Reputation: 27
so I've been trying to create a CycleGAN PyTorch model from scratch and training it on the original vangogh2photo dataset provided by Berkeley. Admittedly, it's for fun and not for any research, but I still hate it when it doesn't work out. So, this is the architecture of the model I've made:
import torch
import torch.nn as nn
import torch.nn.functional as F
from torch.autograd import Variable
import random
'''This is a memory storage that stores 50 previously created images.
This is in accordance with the paper that introduced CycleGAN, Unpaired Image to Image translation.'''
class ReplayBuffer:
def __init__(self, max_size=50):
assert max_size > 0, "Empty buffer."
self.max_size = max_size
self.data = []
def push_and_pop(self, data):
to_return = []
for element in data.data:
element = torch.unsqueeze(element, 0)
if len(self.data) < self.max_size:
self.data.append(element)
to_return.append(element)
else:
# Returns newly added image with a probability of 0.5.
if random.uniform(0, 1) > 0.5:
i = random.randint(0, self.max_size - 1)
to_return.append(self.data[i].clone())
self.data[
i
] = element # replaces the older image with the newly generated image.
else:
# Otherwise, it sends an older generated image and
to_return.append(element)
return Variable(torch.cat(to_return))
'''Linear learning rate scheduler.'''
class LambdaLR:
def __init__(self, n_epochs, offset, decay_start_epoch):
if (n_epochs - decay_start_epoch) < 0:
raise Exception("Decay should start before training ends. Change decay_start_epoch to a value less than {}.".format(n_epochs))
self.n_epochs = n_epochs
self.offset = offset
self.decay_start_epoch = decay_start_epoch
def step(self, epoch):
return 1.0 - max(0, epoch + self.offset - self.decay_start_epoch) / (self.n_epochs - self.decay_start_epoch)
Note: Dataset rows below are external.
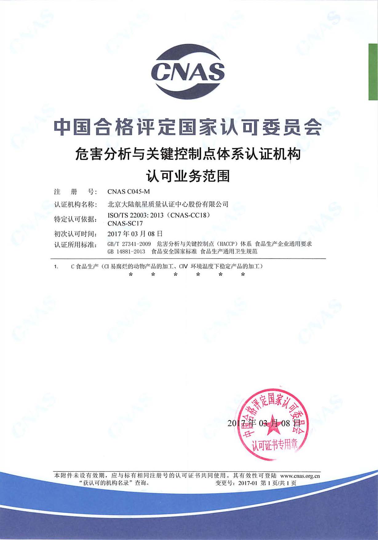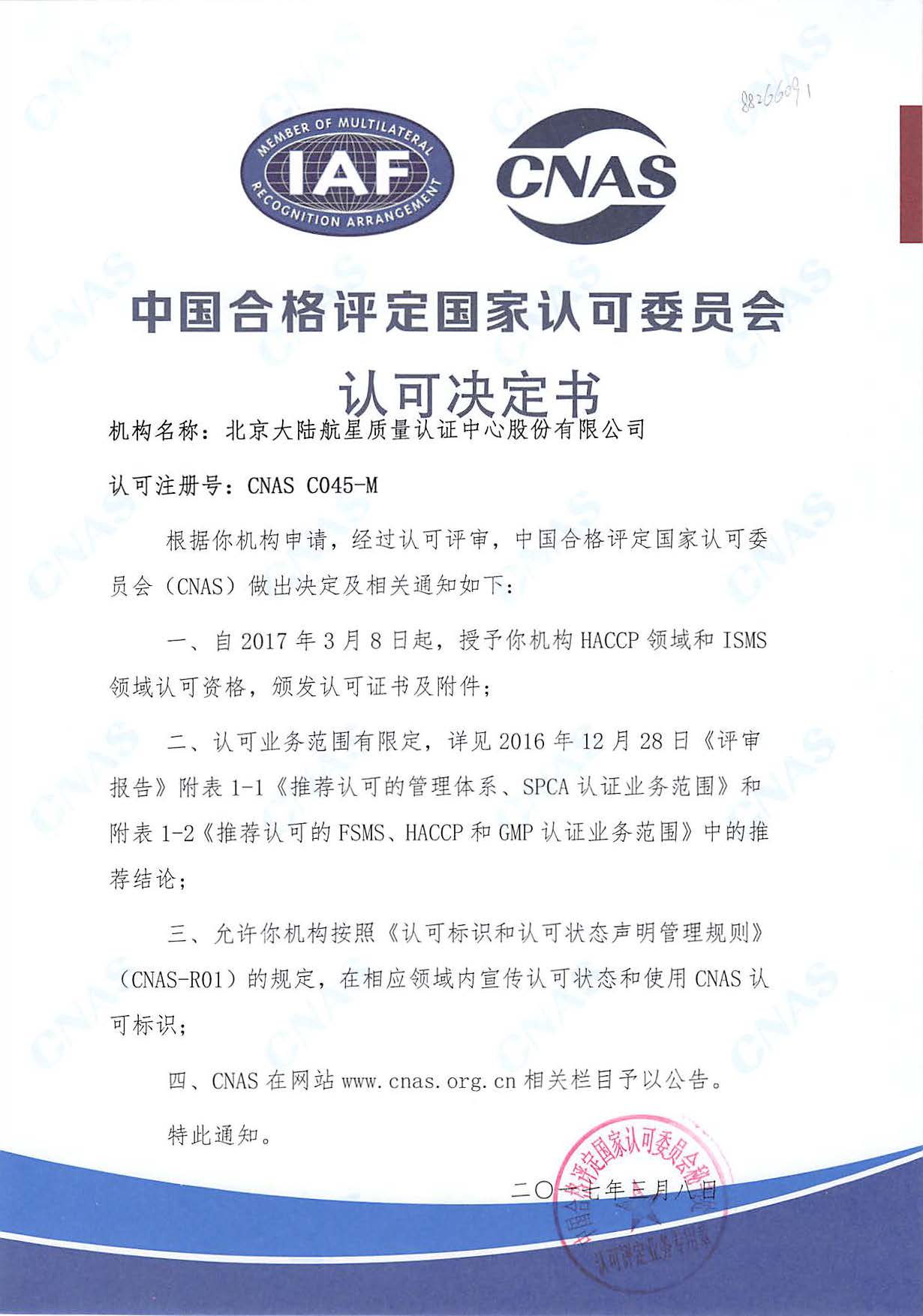 2017年3月8日北京大陸航星質(zhì)量認(rèn)證中心股份有限公司(以下簡(jiǎn)稱HXQC),順利通過(guò)中國(guó)合格評(píng)定國(guó)家認(rèn)可委員會(huì)(CNAS)信息安全管理體系(ISMS)和危害分析與關(guān)鍵控制點(diǎn)(HACCP)領(lǐng)域初次認(rèn)可,授予我公司HACCP領(lǐng)域和ISMS領(lǐng)域認(rèn)可資格,并換發(fā)了認(rèn)可證書。
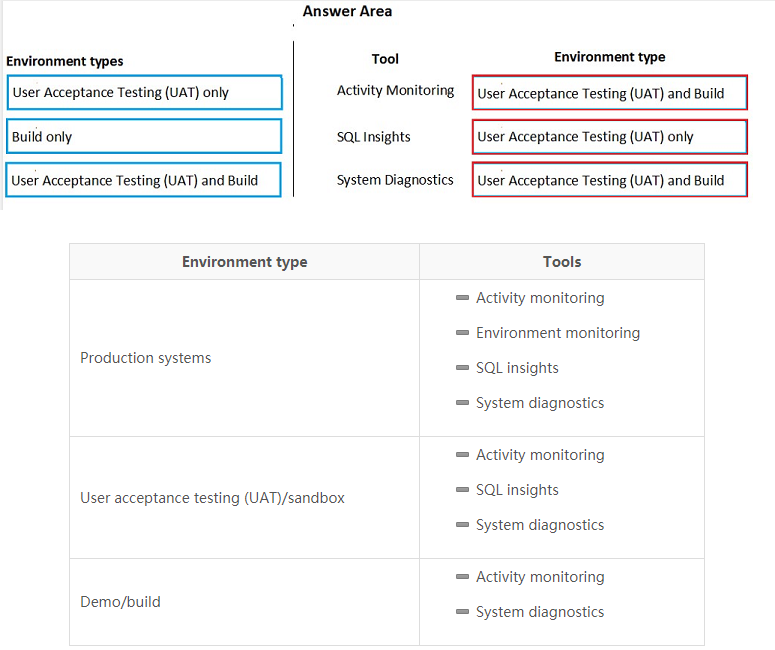 Which Lifecycle Services (LCS) tools should you use for each environment? To answer, drag the appropriate environment types to the correct tools. Each environment type may be used once, more than once, or not at all. You may need to drag the split bar between panes scroll to view content.
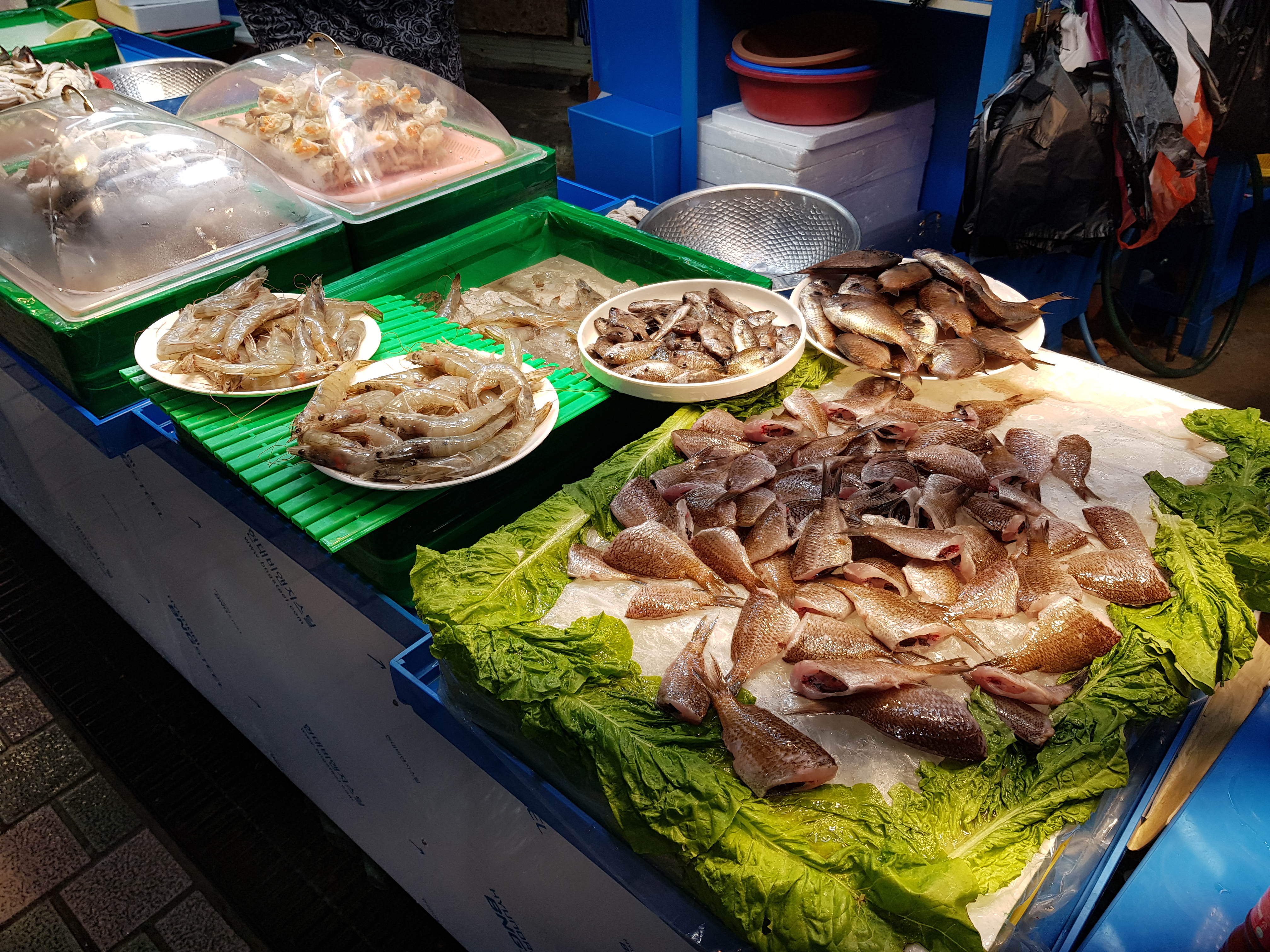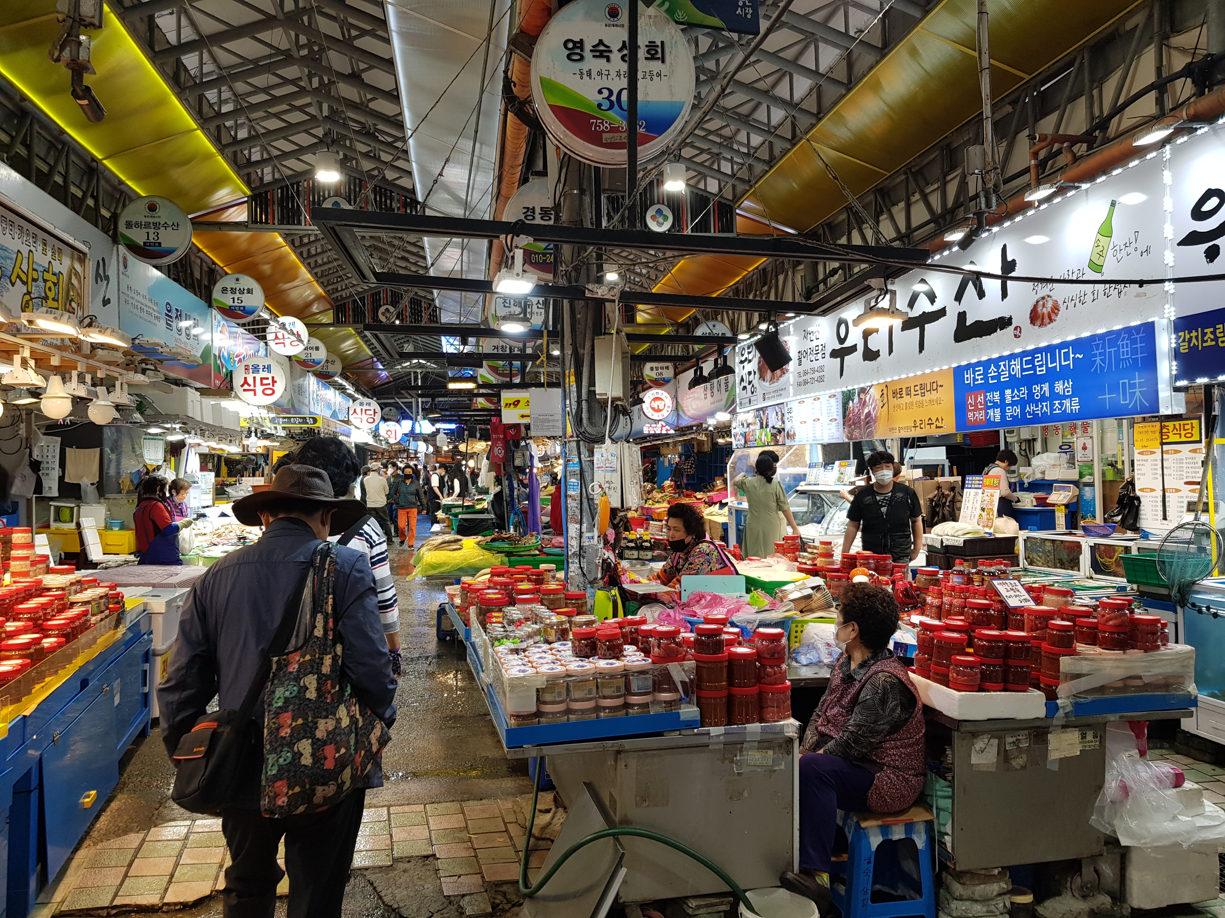 동문 시장 중간 쯤 들어온 곳이다. 이곳은 젓갈류와 횟감을 파는 가게들이 몰려 있다. 대체로 한산해 보인다. 코로나 때문인가 ㅠㅠ

'''Single Residual Block. InstanceNorm2d produces blob artefacts. Consider changing it to modulated convolutions later.
Currently using augmentation and a low number of epochs to stop Generator from producing artefacts.'''
class ResNetBlock(nn.Module):
def __init__(self, channels):
super(ResNetBlock, self).__init__()
self.conv_block = nn.Sequential(
nn.ReflectionPad2d(1),
nn.Conv2d(channels, channels, kernel_size=3, padding=0, bias=True),
nn.InstanceNorm2d(channels),
nn.ReLU(inplace=True),
nn.ReflectionPad2d(1),
nn.Conv2d(channels, channels, kernel_size=3, padding=0, bias=True),
nn.InstanceNorm2d(channels)
)
def forward(self, x):
return x + self.conv_block(x)
class GeneratorResNet(nn.Module):
def __init__(self, input_channels, output_channels, num_resnet_blocks=9):
super(GeneratorResNet, self).__init__()
# Initial convolutional layer
self.initial_conv = nn.Sequential(
nn.ReflectionPad2d(3),
nn.Conv2d(input_channels, 64, kernel_size=7, padding=0, bias=True),
nn.InstanceNorm2d(64),
nn.ReLU(inplace=True)
)
# Downsampling layers
self.downsampling_1 = nn.Sequential(
nn.Conv2d(64, 128, kernel_size=3, stride=2, padding=1, bias=True),
nn.InstanceNorm2d(128),
nn.ReLU(inplace=True)
)
self.downsampling_2 = nn.Sequential(
nn.Conv2d(128, 256, kernel_size=3, stride=2, padding=1, bias=True),
nn.InstanceNorm2d(256),
nn.ReLU(inplace=True)
)
# Residual layers
self.residual_layers = nn.Sequential(
*[ResNetBlock(256) for _ in range(num_resnet_blocks)]
)
# Upsampling layers
self.upsampling_1 = nn.Sequential(
nn.ConvTranspose2d(256, 128, kernel_size=3, stride=2, padding=1, output_padding=1, bias=True),
nn.InstanceNorm2d(128),
nn.ReLU(inplace=True)
)
self.upsampling_2 = nn.Sequential(
nn.ConvTranspose2d(128, 64, kernel_size=3, stride=2, padding=1, output_padding=1, bias=True),
nn.InstanceNorm2d(64),
nn.ReLU(inplace=True)
)
# Final convolutional layer
self.final_conv = nn.Sequential(
nn.Reflectio

nPad2d(3),
nn.Conv2d(64, output_channels, kernel_size=7, padding=0, bias=True),
nn.Tanh()
)
def forward(self, x):
# Apply initial convolutional layer
x = self.initial_conv(x)
# Apply downsampling layers
x = self.downsampling_1(x)
x = self.downsampling_2(x)
# Apply residual layers
x = self.residual_layers(x)
# Apply upsampling layers
x = self.upsampling_1(x)
x = self.upsampling_2(x)
# Apply final convolutional layer
x = self.final_conv(x)
return x
'''PatchGAN Discriminator'''
class Discriminator(nn.Module):
def __init__(self, input_shape):
super(Discriminator, self).__init__()
channels, height, width = input_shape
# Calculate output shape of image discriminator (PatchGAN)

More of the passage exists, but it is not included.